Did I mention it was raining… a lot…



Equality street signs – I loved these.  They were left from when Vienna hosted Eurovision earlier in the year.



7.  Audio Tour by Rick Steves

I find it crazy that Chris doesn’t know who Rick Steves is.  I spent many Saturday morning with him when I was growing up (maybe that’s what ignited my wanderlust).  I guess he is just an American treasure.  Anyway, this American treasure has an app to download free walking tours around Europe.  I found one for Vienna and decided that it was a great idea.  Unfortunately the rain, cold, and Chris had other ideas.  I was chuckling to myself during the first part at all of his lame jokes (they didn’t translate for Chris).  Before we turned it off and went to seek cover, he took us to an amazing memorial for WWII.  It was out of the way of the bus tour so I’m glad Rick (yeah, we’re on a first name basis – well at least I am) helped me find it.  From Chris Blog:

It is located in the triangle of Augustinerstraße, Fürichgasse and Tegetthoffstraße.

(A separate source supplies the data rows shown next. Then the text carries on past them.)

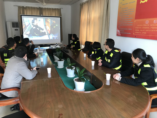 圖為考察小組人員在會議室觀看文明服務錄像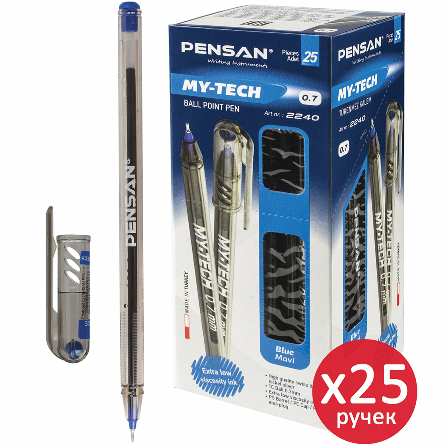 Ручка шариковая PENSAN My-Tech, синяя, выгодная упаковка, комплект 25 штук, линия 0,35мм, 880173
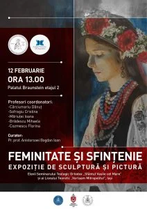 „Feminitate și sfințenie”, o expoziție de sculptură și pictură realizată în parteneriat de către elevii Seminarul Teologic Ortodox „Sf Vasile cel Mare” Iasi și elevii Liceul Teoretic „Varlaam Mitropolitul”, la Palatul Braunstein, etajul 2.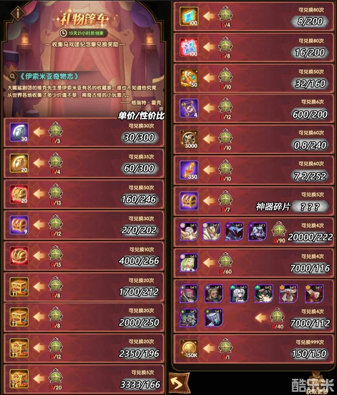 兑换性价比和上次相同(上期有许多算错了淦)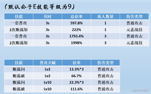 (以下数值默认公子E技能等级为9),公子完成一套普攻大约需要3s,总倍率为597.8%,期间会触发2次断流斩,总倍率为222%。
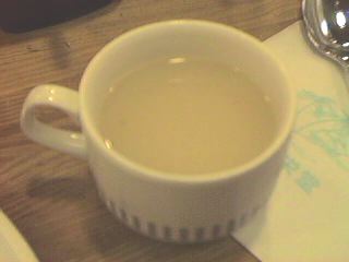 - まずスープが出てきます。写真のライスは中盛ですが、

There are 4 carved granite columns (the granite comes from the Mauthausen Concentration Camp near Linz in Austria). Behind and to the middle of 2 of the columns is a cast iron statue of a Jew that was forced to clean Anti-Nazi slogans from the streets of Vienna afterAnschluss. This statue showed just how much the Nazi’s were prepared to degrade and humiliate the Jews and those not of the Aryan race.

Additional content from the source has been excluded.